First, they brought up both the Wire Act and UIGEA. But both of these are vague and don’t cover apps.

Then they talked about each individual state. Each state defines gambling as betting on a game of chance. But then some games are a game of chance in one state, while in others it’s a game of skill.

The one common denominator they found is that gambling involves putting up something of value to get something of value back out. And that’s something that applies to most states, too. So, they took that and applied it to a social casino app.

Here’s their thought process:

So, what happens to your money? Zynga’s chief executive says, nothing – you can’t take money out of the game in any form of value. You don’t even win virtual prizes that are worth money.

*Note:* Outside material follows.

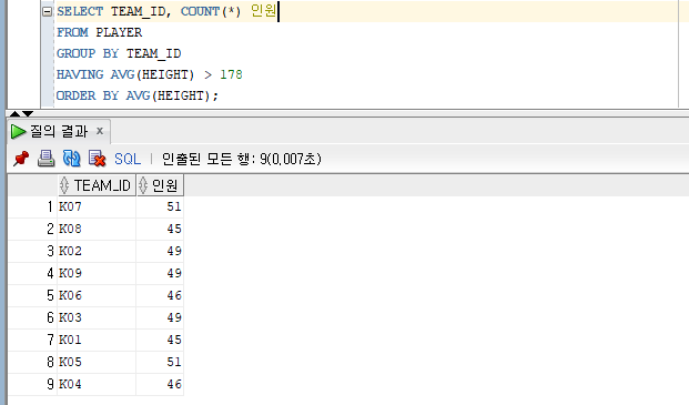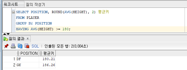 SELECT POSITION, COUNT(*) 전체행수, COUNT(HEIGHT) 키건수, ROUND(AVG(HEIGHT), 2) 평균키

And that seems to be the one key difference – the very reason why you can play social casino games legally in the United States. Money can go in, but you receive nothing of tangible value in return.

That said, there are second hand markets for virtual goods such as Zynga chips. These sites are often credit card fraud rings who buy chips and then re-sell them. And the crazy part?

Social gaming companies are responsible for them – what they do and what they sell – whether they own them or not. This is seemingly unlike Japan, where companies apparently are getting away with players exchanging their metal balls for things of value.

Speaking of virtual goods, Venture Beat also considered the virtual gifts you can send to others. The law is even cloudier here. Facebook, at the time, limited you to sending 16 gifts per day, which only cost 5-10 in game chip-dollars (that’s nothing compared to the number of chips you receive when you log in).

In terms of value, the question posed was whether you were getting any value outside of the thought of posting a gift to someone’s wall. Maybe not, but then what happens if/when that gift’s actually worth something? When it has verifiable retail value – what do you do then?

That’s what lawmakers will have to figure out if they want to regulate the market – if they even see a need to. Who knows? Like traditional gambling there are people on both sides of the debate.

For now, it seems to be fine so long as you’re not receiving anything of value.